According to the technical scheme, coding attribute information, bandwidth allocation priority and allocable bandwidth of each type of media stream in a target communication link are obtained; based on the bandwidth allocation sequence corresponding to the bandwidth allocation priority, allocating bandwidth for each type of media stream in sequence according to the preset bandwidth allocation gear configuration until no bandwidth can be allocated or the highest bandwidth allocation gear is reached; in each preset bandwidth allocation gear, determining a bandwidth allocation result of each type of media stream according to the real-time network state and the coding attribute information of the target communication link; the coding attribute information includes a reference coding rate value that matches each preset bandwidth allocation gear. The technical scheme of the embodiment of the disclosure solves the problem that the existing bandwidth allocation strategy can not simultaneously consider the bandwidth requirements of the high-priority media stream and the low-priority media stream, and can reallocate the bandwidth on the basis of guaranteeing the basic operation of each priority media stream through the stepped multiple bandwidth allocation strategy so as to simultaneously meet the bandwidth requirements of the media streams with different priorities.

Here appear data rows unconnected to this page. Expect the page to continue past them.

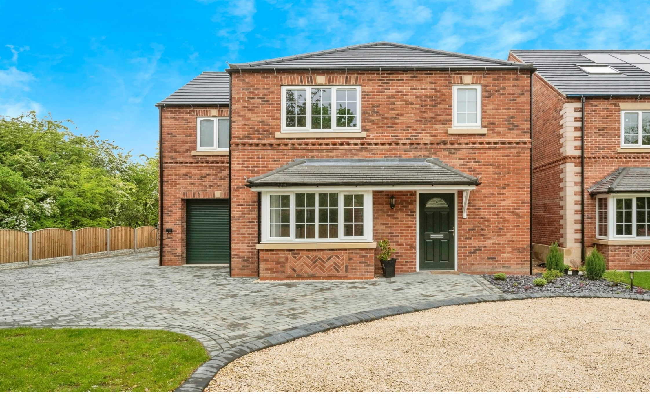
Cherry Blossom Court, Haxey Doncaster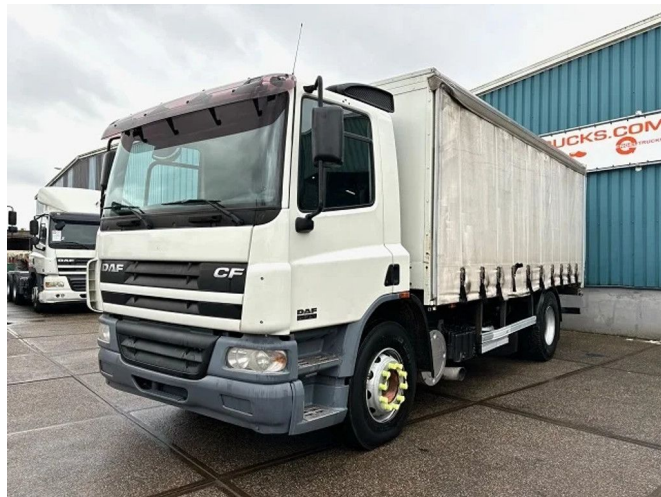
DAF 75 .310 4x2 WITH CURTAIN SIDE BOX (EURO 3 / MAN...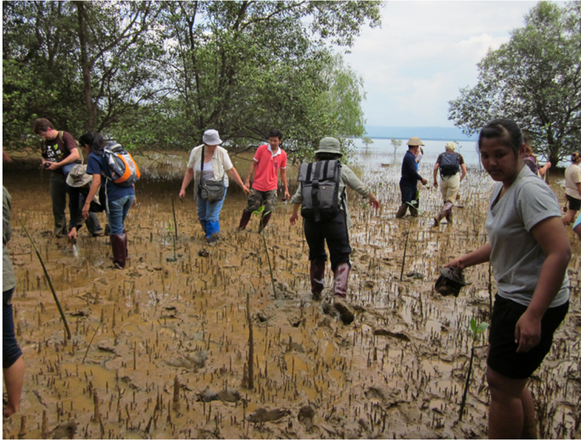
Photo 2: Planting of mangrove trees for reafforestation.

of this last part of summer before many of us returned to colder climates! Then, unfortunately, we had to say goodbye to this beautiful country and to new good friends with the promise to keep in touch.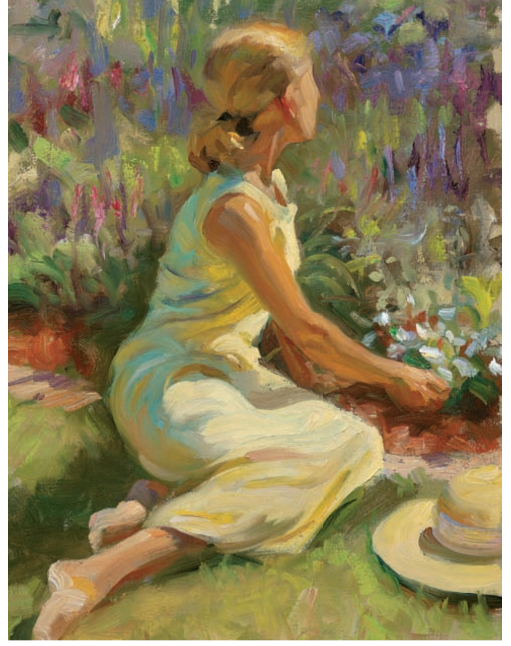
Yellow Dress (2003), Jeffrey T. Larson. Oil on linen, 12" x 16".

over the blueness of the sky. At night they sat on the back doorstep while Mrs. Hatching clucked inside as she dished the supper, "Starstruck ee'll be! Come along in, do-ee, before soup's cold; stars niver run away yet as I do 220 know."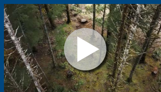
The All-New 2021 F-150: Cabin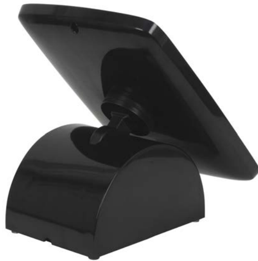
MoonBase tablet enclosure with iPad inserts and iPad face plate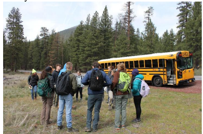
B2S bioblitz students arrive for field work.

Between April 14 and April 27, ODFW, OSU-Cascades and Sisters High School worked closely together to conduct a bioblitz at four proposed wildlife crossing locations along Highway 20. These locations are part of the Bend to Suttle Lake Wildlife Passage Initiative, fondly referred to as “B2S.”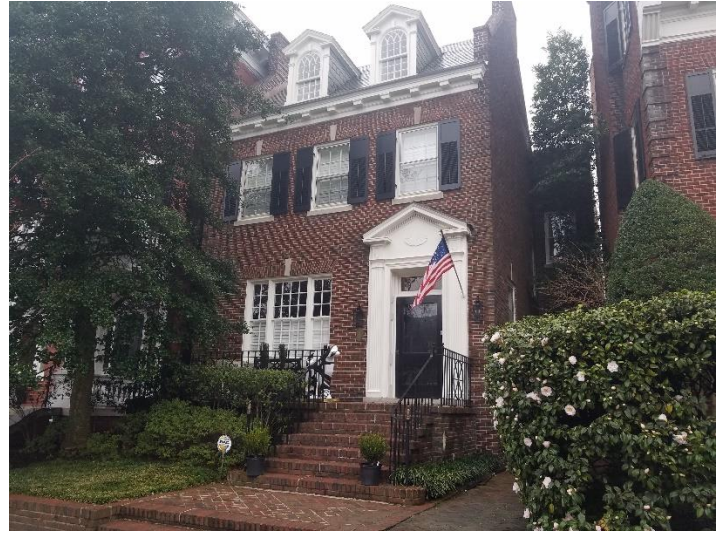
Figure 2. 1635 Monument Avenue.

In an alternative embodiment, the bandwidth allocation module 420 is specifically configured to:

determining a real-time bandwidth redundancy rate according to the real-time network state;

Respectively calculating the product result of the real-time bandwidth redundancy rate and the reference coding code rate value corresponding to each type of media stream in the current preset bandwidth allocation gear;

and determining the product result as a bandwidth allocation result of each type of the media stream in the current preset bandwidth allocation gear.

In an alternative embodiment, in the preset bandwidth allocation gear, the bandwidth redundancy factor corresponding to the lowest preset bandwidth allocation gear is set to zero.

In an alternative embodiment, in the preset bandwidth allocation gear, the bandwidth redundancy factor corresponding to the highest preset bandwidth allocation gear is set to a preset maximum redundancy factor.

In an optional implementation manner, the reference coding rate value corresponding to each type of media stream in the lowest preset bandwidth allocation gear is a preset minimum coding rate of each type of media stream;

and the reference coding code rate value corresponding to each type of media stream in the highest preset bandwidth allocation gear is the preset maximum coding code rate of each type of media stream.

In an alternative embodiment, the bandwidth allocation module 420 is further configured to:

determining whether residual bandwidth exists in each type of media stream;

And under the condition that the residual bandwidth exists in any type of media stream, distributing the residual bandwidth according to the bandwidth distribution priority of each type of media stream without the residual bandwidth until no residual bandwidth exists.

In an alternative embodiment, the bandwidth allocation module 420 is specifically configured to:

determining a residual bandwidth allocation order of each type of the media streams without residual bandwidth according to the bandwidth allocation priority;

and based on the residual bandwidth allocation sequence, allocating the residual bandwidth to each type of media stream without residual bandwidth according to a preset minimum coding rate of each type of media stream until no bandwidth can be allocated.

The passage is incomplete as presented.